[Opening Recorded data section]
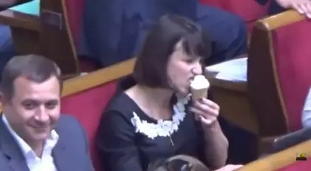 На Украине у пользователей соцсетей набирает популярность видео, как народный депутат Верховной Рады от партии "Народный фронт" Татьяна Черновол ест мороженое в сессионном зале прямо во время заседания парламента, передает корреспондент Tengrinews.kz.
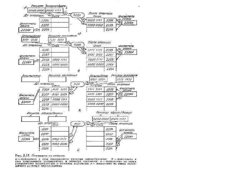 Загрузка стека • На рис. 5. 15, б показано выполнение другой операции загрузки. На этот раз в стек загружается содержимое аккумулятора и регистра состояния. Проследим снова за событиями, отмеченными цифрами в кружках. 5. До операции указатель стека указывает на последнюю ячейку стека. Ее называют вершиной стека. Затем указатель стека декрементируется до 2207 Н. 6. Указатель стека указывает на ячейку памяти 2207 Н, и содержимое аккумулятора (01012) загружается в стек по этому адресу.
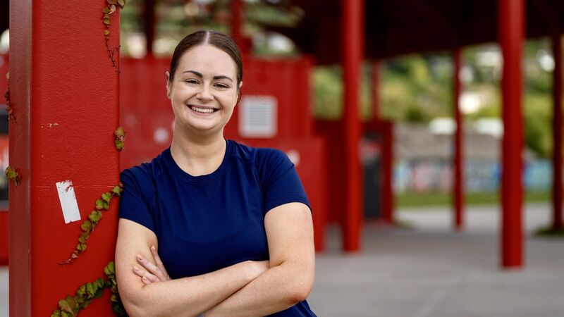 Breda Graham, Irish Examiner lifestyle writer, pictured in the Marina Park as she prepares to give Derval O’Rourke’s exercise routines a try. Picture: Chani Anderson.
[Closing Recorded data section]
Your goal: Everything in the material must be duplicated exactly, except the pictures.

Exercise answer:
 На Украине у пользователей соцсетей набирает популярность видео, как народный депутат Верховной Рады от партии "Народный фронт" Татьяна Черновол ест мороженое в сессионном зале прямо во время заседания парламента, передает корреспондент Tengrinews.kz.
 Загрузка стека • На рис. 5. 15, б показано выполнение другой операции загрузки. На этот раз в стек загружается содержимое аккумулятора и регистра состояния. Проследим снова за событиями, отмеченными цифрами в кружках. 5. До операции указатель стека указывает на последнюю ячейку стека. Ее называют вершиной стека. Затем указатель стека декрементируется до 2207 Н. 6. Указатель стека указывает на ячейку памяти 2207 Н, и содержимое аккумулятора (01012) загружается в стек по этому адресу.
 Breda Graham, Irish Examiner lifestyle writer, pictured in the Marina Park as she prepares to give Derval O’Rourke’s exercise routines a try. Picture: Chani Anderson.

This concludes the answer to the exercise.